The `ki` command-line tool aims to solve all of these issues via a simple
invertible transformation of the underlying SQLite3 database (a
machine-readable-only format) into a directory tree of markdown files (a very
human-readable format). By enabling conversions to and from a format that can
easily be put under version control, `ki` will allow collaboration on
spaced-repetition decks in exactly the same way millions of software engineers
collaborate on open-source projects: by making peer-reviewed edits to a single
source of ground-truth hosted on a public, resilient archive (e.g. GitHub.com)
under an open-source license (enforcing free access to all derivative works).
Hundreds of hours of work have already been put into developing this tool, all
unpaid. It is already a minimum viable product, and usable by developers
willing to put up with a rough-around-the-edges UI and the potential for
occasional bugs and crashes.
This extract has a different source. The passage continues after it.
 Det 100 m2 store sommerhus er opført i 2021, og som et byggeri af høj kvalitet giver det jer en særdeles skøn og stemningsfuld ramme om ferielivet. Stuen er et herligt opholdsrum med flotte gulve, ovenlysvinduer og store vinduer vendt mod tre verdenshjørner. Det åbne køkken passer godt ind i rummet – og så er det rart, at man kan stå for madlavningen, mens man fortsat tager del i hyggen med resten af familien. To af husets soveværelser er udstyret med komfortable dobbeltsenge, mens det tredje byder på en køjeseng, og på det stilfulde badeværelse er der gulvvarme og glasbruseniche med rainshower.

The source code is freely available on GitHub [6].
A particular emphasis has been placed on writing clean, user-friendly
documentation [7] which demonstrates usage patterns and details the tool's
capabilities.
[1] (https://www.reddit.com/r/medicalschoolanki/)
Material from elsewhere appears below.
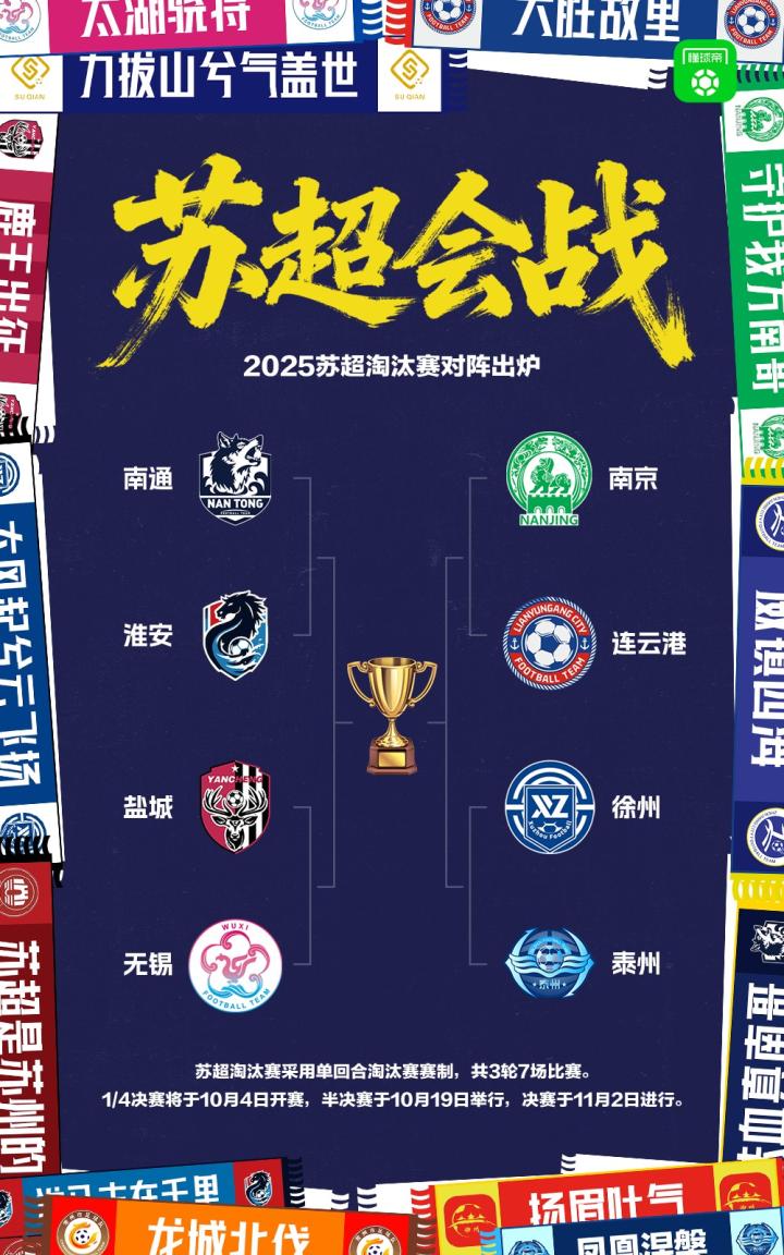 根据规则,苏超淘汰赛阶段的对阵也随之出炉。

[2] See Michel Nielsen's essay here:
https://cognitivemedium.com/srs-mathematics
[3] https://www.ankipalace.com/step-1-deck
[4] https://ankiweb.net/account/privacy
[5] https://www.ankihub.net/coming-soon
[6] https://github.com/langfield/ki/blob/main/ki/__init__.py
[7] https://langfield.github.io/ki/
Impact
The userbase of Anki consists largely of students, and a significant proportion
of them are medical students studying for exams like the USMLE STEP 1. Almost
all of these users are already in hundreds of thousands of dollars worth of
debt. They do not need to be charged large, monthly subscription fees to work
with each other on content that they themselves created. The adoption of the
`ki` tool can prevent this. Other user communities include the
language-learning folks, and in fact the Anki program was originally created so
that the author could learn Japanese.
More generally, the availability of Anki decks in a readable format on a
platform as public and widely used as GitHub could drastically increase both
the availability of existing learning resources, and the rate of creation of
new data. It could also help push spaced-repetition into the mainstream, which
could eventually lead to reform in formal educational institutions towards more
effective learning and away from inefficient teacher and student practices
(e.g. lecturing, note-taking, re-reading, highlighting) [1].
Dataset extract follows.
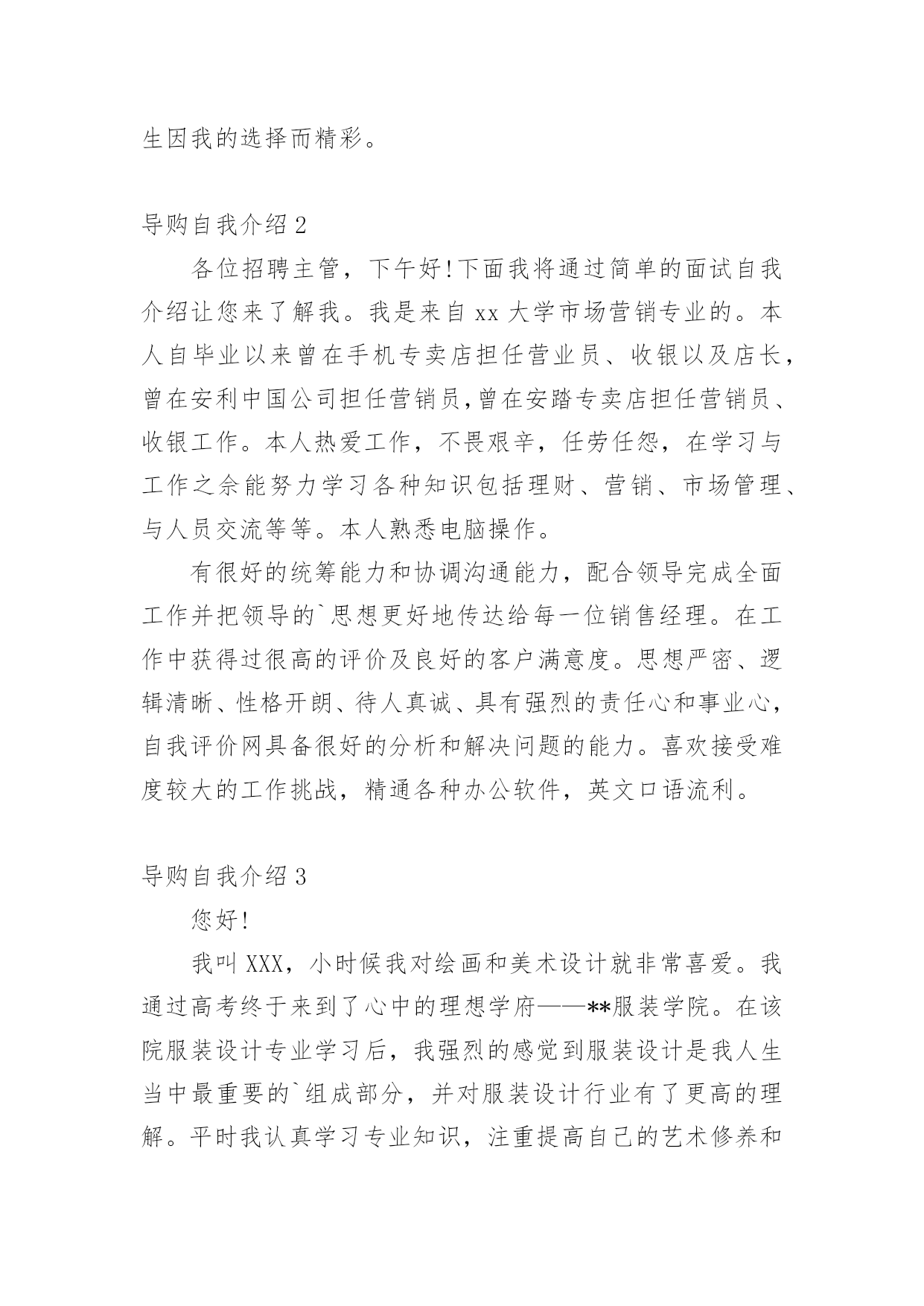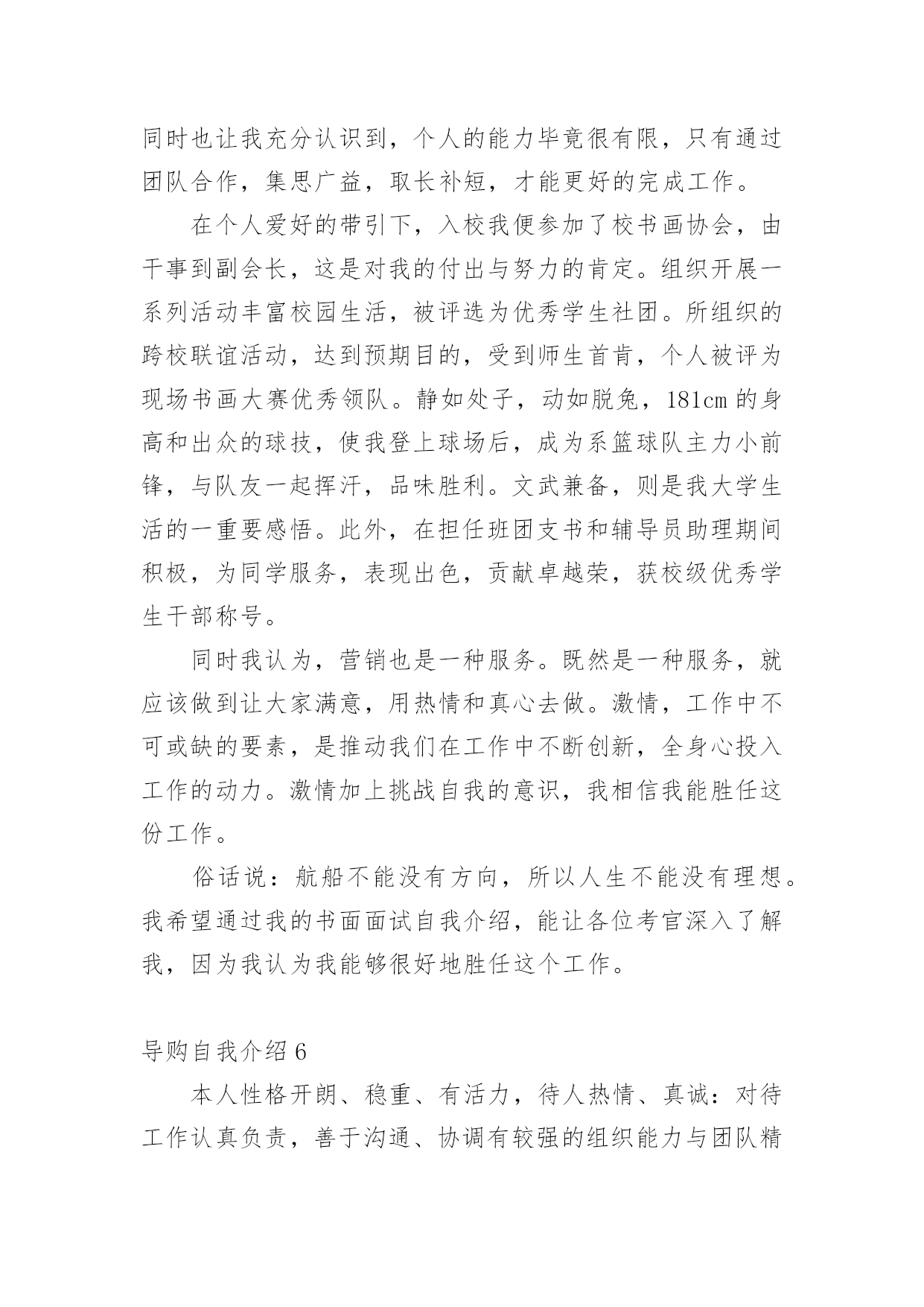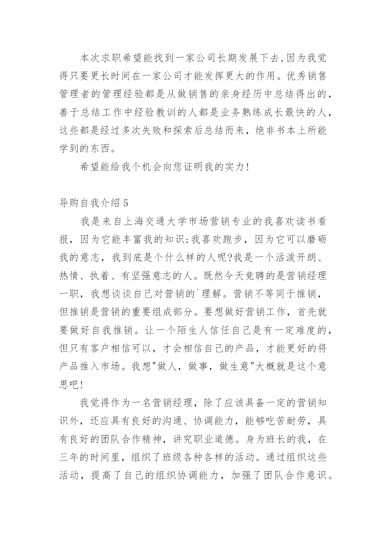 导购自我介绍当碰到陌生人时候,我们难以避免地要作出自我介绍,自我介绍可以满足我们渴望得到尊重的心理。怎么写自我介绍才能避免踩雷呢?下面是小编收集整理的导购自我介绍,欢迎阅读与收藏。导购自我介绍1我叫xxx,现年xx岁,x族,大专文化,平时我喜欢看书和上网流览信息,性格活泼开朗,能关心身边的人和事,和亲人朋友融洽相处,能做到理解和原谅,我对生活充满信心。我曾经在,在公司里先后在不同的岗位工作过,开始我从事工作,随后因公司需要到,有一定的经验,在工作上取得一些的成绩,同时也得到公司的认可。通过几年的工作我学到了很多知识,同时还培养了我坚韧不拔的意志和顽强拼搏的精神,使我能够在工作中不断地克服困难、积极进取。加入销售人员的行列是我多年以来的一个强烈愿望,同时我认识到人和工作的关系是建立在自我认知的基础上,而我感觉到我的.工作热情一直没有被激发到最高,我热爱我的工作,但每个人都是在不断地寻求取得更好的成绩,我的自我认知让我觉得销售人员是一个正确的选择,这些就坚定了我做好销售的信心和决心。将销售工作做好,给公司带来收益,使自身不仅在物质方面获得提高,更重要的是我的人生因我的选择而精彩。导购自我介绍2各位招聘主管,下午好!下面我将通过简单的面试自我介绍让您来了解我。我是来自xx大学市场营销专业的。本人自毕业以来曾在手机专卖店担任营业员、收银以及店长,曾在安利中国公司担任营销员,曾在安踏专卖店担任营销员、收银工作。本人热爱工作,不畏艰辛,任劳任怨,在学习与工作之佘能努力学习各种知识包括理财、营销、市场管理、与人员交流等等。本人熟悉电脑操作。有很好的统筹能力和协调沟通能力,配合领导完成全面工作并把领导的`思想更好地传达给每一位销售经理。在工作中获得过很高的评价及良好的客户满意度。思想严密、逻辑清晰、性格开朗、待人真诚、具有强烈的责任心和事业心,自我评价网具备很好的分析和解决问题的能力。喜欢接受难度较大的工作挑战,精通各种办公软件,英文口语流利。导购自我介绍3您好!我叫XXX,小时候我对绘画和美术设计就非常喜爱。我通过高考终于来到了心中的理想学府——**服装学院。在该院服装设计专业学习后,我强烈的感觉到服装设计是我人生当中最重要的`组成部分,并对服装设计行业有了更高的理解。平时我认真学习专业知识,注重提高自己的艺术修养和鉴赏能力。在校学习和寒暑假期间,通过在社会实践中不断积累自己的实际经验,吸取不同艺术派别的营养,开拓设计思路,活跃设计思维,把所学的各科专业知识为我所用。我本着发挥自身特长,与同事团结协作,服务于贵企业长远发展规划,特来应聘。我相信:如果您给我一个机会,凭着自己对服装强烈的热爱和执着,我一定能做出让您刮目相看的成绩。如果您是一位伯乐,我会真诚而自信地对您说:“选择我,不会错的!”请相信我的同时也相信你自己的选择。导购自我介绍4我喜欢导购这个工作,我也精通这个工作。销售的方式有很多种,比如通过专卖店,商场超市,直销,电话营销,电子商务等方式与顾客沟通达到销售。销售的最高境界是:在与客户刚刚接触的30秒内能够迅速判断他属于哪一类的消费者,从而抓住客户的特点进行成功营销过程销售的过程也是推销自己的过程,通过第一次交易与客户成为朋友,交易完成要继续维持良好沟通,这样的.客户有可以成为回头客,再次订货的数量有可能会更多.无论什么样的销售原理都是相通的。业绩更能说明一切,20xx年2月在做导购员进,销售门店创下个人月净利润4万的最高销售记录,目前尚未有人能够突破。在xx公司连续三次获得年度个人业绩突出奖证书。本次求职希望能找到一家公司长期发展下去,因为我觉得只要更长时间在一家公司才能发挥更大的作用。优秀销售管理者的管理经验都是从做销售的亲身经历中总结得出的,善于总结工作中经验教训的人都是业务熟练成长最快的人,这些都是经过多次失败和探索后总结而来,绝非书本上所能学到的东西。希望能给我个机会向您证明我的实力!导购自我介绍5我是来自上海交通大学市场营销专业的我喜欢读书看报,因为它能丰富我的知识;我喜欢跑步,因为它可以磨砺我的意志,我到底是个什么样的人呢?我是一个活泼开朗、热情、执着、有坚强意志的人。既然今天竞聘的是营销经理一职,我想谈谈自己对营销的`理解。营销不等同于推销,但推销是营销的重要组成部分。要想做好营销工作,首先就要做好自我推销。让一个陌生人信任自己是有一定难度的,但只有客户相信可以,才会相信自己的产品,才能更好的将产品推入市场。我想"做人,做事,做生意"大概就是这个意思吧!我觉得作为一名营销经理,除了应该具备一定的营销知识外,还应具有良好的沟通、协调能力,能够吃苦耐劳,具有良好的团队合作精神,讲究职业道德。身为班长的我,在三年的时间里,组织了班级各种各样的活动。通过组织这些活动,提高了自己的组织协调能力,加强了团队合作意识。同时也

[1] Brown, Peter C. Make It Stick : the Science of Successful Learning.
Cambridge, Massachusetts :The Belknap Press of Harvard University Press, 2014.
What I'll do with $5,000
The $5000 will be used for USER TESTING above all else. A technically perfect,
feature-rich software project is pointless if people do not know how to use it.
As much money as is useful will be put towards incentivizing users to give
detailed feedback on usage patterns, frustrations, wants/needs, and bugs in the
tool's operation. This can be done by recruiting on existing online Anki
communities hosted on discord, reddit, and the Anki forums. Users will be paid
a small fee ($10-$50) for giving feedback, and larger bug bounties may be used
to find critical security flaws). Amazon mechanical turk may also be used if
larger sample sizes are necessary. The remainder of the funds will be put
towards developing accessibility features and integration with GitHub's pages
service, which as of May 2022 supports LaTeX rendering of mathematical
equations, which see highly frequent use in Anki decks. These services, if
built-out, could serve as a front-end and previewer for hosted decks, making it
easier for users to see what they're getting before they download content.